Our people are not discussing about it.. - satyan
http://onsoftwares.com/2010/07/01/decision-making-and-organizations/

======
RiderOfGiraffes
This post attracted my attention for several reasons, but I'm having trouble
understanding the flow and finding the point.

* _Well.. here’s an interesting solution:_

What follows appears not to be a solution - it's a story.

* _When organizations make decisions that their people need, you have multiple advantages._

I don't understand this at all. I can nearly make some sense of it by reading
the next paragraph ...

* _People are naturally inclined with the decision, and its easier to motivate people to make it more effective. On the other side, when decisions are taken without considering the people, they mostly fall flat on their faces._

But where are the multiple advantages? Why do _I_ have advantages? I really
don't understand what you're trying to say.
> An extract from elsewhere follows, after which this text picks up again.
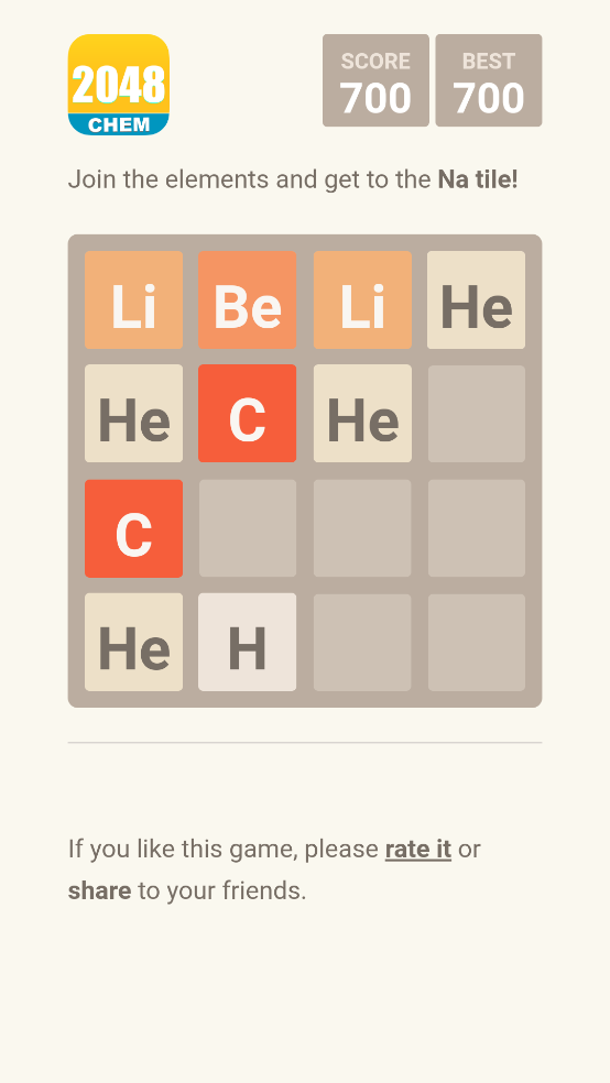 【2048元素版】这是一款休闲益智类型的游戏,游戏的玩法和经典2048相同,但将上面的数字都变成了滑雪元素周期表,将相同的滑雪元素合成即可变成另一个元素,在玩游戏的同时,你还可以了解更多关于化学的知识。以元素周期表为基本元素,玩家可以通过解谜获得2048。这一次,玩家将观察元素的反应,以提高他们的分数,并变得更具挑战性。喜欢这个游戏的人一定不要错过。

* _It is also important to cultivate a culture of discussing important things._

Chicken and egg. Things will get discussed if and only if people think they're
worth discussing, but for some things, you don't realise they're worth
discussing until you've discussed them. You've stated the obvious, but have
offered no solution (as yet - I read on, waiting to see if there are any
practical suggestions)

* _The change wouldn’t have to be made from management side only,_

What change?

* _the employees are as much responsible for the decisions as the managers._

That's an interesting statement.

* _Once you have people expressing their opinions in a much clearer format and are debated on various forums, its easier to understand the pulse of the organization. Hence the decision-making process improves. This is one of the best ways to affect decisions in a democratic way._

Wait - you're advocating having decisions driven by discussions involving how
many people? If you can't get the decision makers to care, how will you get
enough ground-swell to make them care?

It seems to me that there's a hint of an interesting idea here, but I can't
really find it. I wish I could - perhaps you could write a more careful piece.

ADDED IN EDIT

In thinking about it further, it seems like you're saying this:

* Decisions don't get made by management unless they discuss the issues

* they don't discuss the issues if they have no interest in them

* They won't get any interest in the issues unless they hear and see the employees talking about them

* Therefore, get the employees talking about things,

* therefore the managers will notice,

* therefore they'll discuss them,

* therefore decisions will be made.

The chain is faulty. Getting employees talking is neither necessary nor
sufficient. It's not necessary because sometimes one of the managers will be
interested. It's not sufficient, because even if the employees are talking
about things, the managers may _still_ not care.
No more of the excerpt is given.